Verve founder has ‘green’ outlook

THE RIGHT FIT: Deborah Schimberg, right, owner and head of Verve Inc., which makes Glee Gum and other confections, discusses product packaging with Molly Lederer, director of communications and marketing. / PBN FILE PHOTO/MICHAEL SALERNO
THE RIGHT FIT: Deborah Schimberg, right, owner and head of Verve Inc., which makes Glee Gum and other confections, discusses product packaging with Molly Lederer, director of communications and marketing. / PBN FILE PHOTO/MICHAEL SALERNO

While studying comparative literature at Brown University in the late 1970s, Deborah Schimberg didn’t envision founding a company that makes chewing gum from sustainable ingredients.

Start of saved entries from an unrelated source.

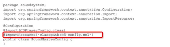 创建一个更高级的SoundSystemConfig,在其中使用@Import将两个配置类组合在一起
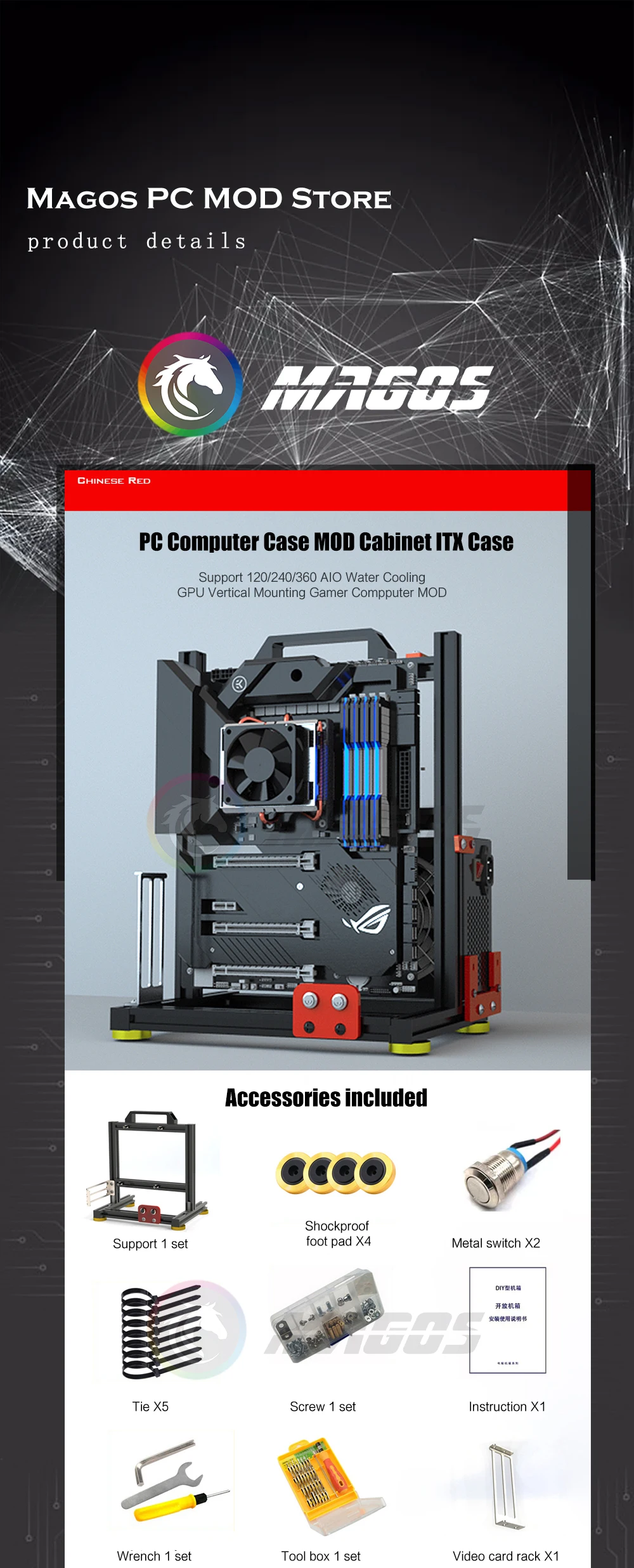 Comprar Funda de ordenador para PC, carcasa ITX compatible con 120/240/360 AIO, refrigeración por agua, GPU, montaje Vertical
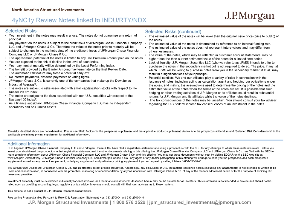 J.P. Morgan Structured Investments | 1 800 576 3529 | jpm_structured_investments@jpmorgan.com Selected Risks • Your investment in the notes may result in a loss. The notes do not guarantee any return of principal. • Any payment on the notes is subject to the credit risks of JPMorgan Chase Financial Company LLC and JPMorgan Chase & Co. Therefore the value of the notes prior to maturity will be subject to changes in the market’s view of the creditworthiness of JPMorgan Chase Financial Company LLC or JPMorgan Chase & Co. • The appreciation potential of the notes is limited to any Call Premium Amount paid on the notes. • You are exposed to the risk of decline in the level of each Index. • Your payment at maturity will be determined by the Least Performing Index. • The benefit provided by the Barrier Amount may terminate on the final Review Date. • The automatic call feature may force a potential early exit. • No interest payments, dividend payments or voting rights. • JPMorgan Chase & Co. is currently one of the companies that make up the Dow Jones Industrial Average ® . • The notes are subject to risks associated with small capitalization stocks with respect to the Russell 2000 ® Index. • The notes are subject to the risks associated with non - U.S. securities with respect to the Nasdaq - 100 Index ® . • As a finance subsidiary, JPMorgan Chase Financial Company LLC has no independent operations and has limited assets. Selected Risks (continued) • The estimated value of the notes will be lower than the original issue price (price to public) of the notes. • The estimated value of the notes is determined by reference to an internal funding rate. • The estimated value of the notes does not represent future values and may differ from others’ estimates. • The value of the notes, which may be reflected in customer account statements, may be higher than the then current estimated value of the notes for a limited time period. • Lack of liquidity: J.P. Morgan Securities LLC (who we refer to as JPMS ) intends to offer to purchase the notes in the secondary market but is not required to do so. The price, if any, at which JPMS will be willing to purchase notes from you in the secondary market, if at all, may result in a significant loss of your principal. • Potential conflicts: We and our affiliates play a variety of roles in connection with the issuance of notes, including acting as calculation agent and hedging our obligations under the notes, and making the assumptions used to determine the pricing of the notes and the estimated value of the notes when the terms of the notes are set. It is possible that such hedging or other trading activities of J.P. Morgan or its affiliates could result in substantial returns for J.P. Morgan and its affiliates while the value of the notes declines. • The tax consequences of the notes may be uncertain. You should consult your tax adviser regarding the U.S. federal income tax consequences of an investment in the notes. Additional Information SEC Legend: JPMorgan Chase Financial Company LLC and JPMorgan Chase & Co. have filed a registration statement (including a pr osp ectus) with the SEC for any offerings to which these materials relate. Before you invest, you should read the prospectus in that registration statement and the other documents relating to this offering that JPM organ Chase Financial Company LLC and JPMorgan Chase & Co. has filed with the SEC for more complete information about JPMorgan Chase Financial Company LLC and JPMorgan Chase & Co. and this offering. You may get the se documents without cost by visiting EDGAR on the SEC web site at www.sec.gov. Alternatively, JPMorgan Chase Financial Company LLC and JPMorgan Chase & Co., any agent or any dealer participat ing in this offering will arrange to send you the prospectus and each prospectus supplement as well as any product supplement, underlying supplement and preliminary pricing supplement if you so request by c all ing toll - free 1 - 866 - 535 - 9248. IRS Circular 230 Disclosure: JPMorgan Chase & Co. and its affiliates do not provide tax advice. Accordingly, any discussion o f U .S. tax matters contained herein (including any attachments) is not intended or written to be used, and cannot be used, in connection with the promotion, marketing or recommendation by anyone unaffiliated with JPMorgan Cha se & Co. of any of the matters addressed herein or for the purpose of avoiding U.S. tax - related penalties. Investment suitability must be determined individually for each investor, and the financial instruments described herein may not be suitable for all investors. This information is not intended to provide and should not be relied upon as providing accounting, legal, regulatory or tax advice. Investors should consult with their own advisers as to the se matters. This material is not a product of J.P. Morgan Research Departments. Free writing Prospectus filed Pursuant to Rule 433; Registration Statement Nos. 333 - 270004 and 333 - 270004 - 01 North America Structured Investments 4yNC1y Review Notes linked to INDU/RTY/NDX The risks identified above are not exhaustive. Please see “Risk Factors” in the prospectus supplement and the applicable product supplement, Annex A to the prospectus addendum and “Selected Risk Considerations” in the applicable preliminary pricing supplement for additional information.

“I didn’t have a vision of what I was going to do after college,” she said. “But I like to take things from the idea stage and make them happen: to be creative.”

Born in Cincinnati, Schimberg is founder, president and CEO of Providence-based Verve Inc., which makes Glee Gum, a product that uses a natural base called chicle.

Underlying most of the work Schimberg has done, both before and after Verve, is a commitment to sustainability. In fact, it is that concern and value that led her in 1980, when she graduated from Brown, to buy an abandoned house in South Providence with two friends and make an effort to transform the property.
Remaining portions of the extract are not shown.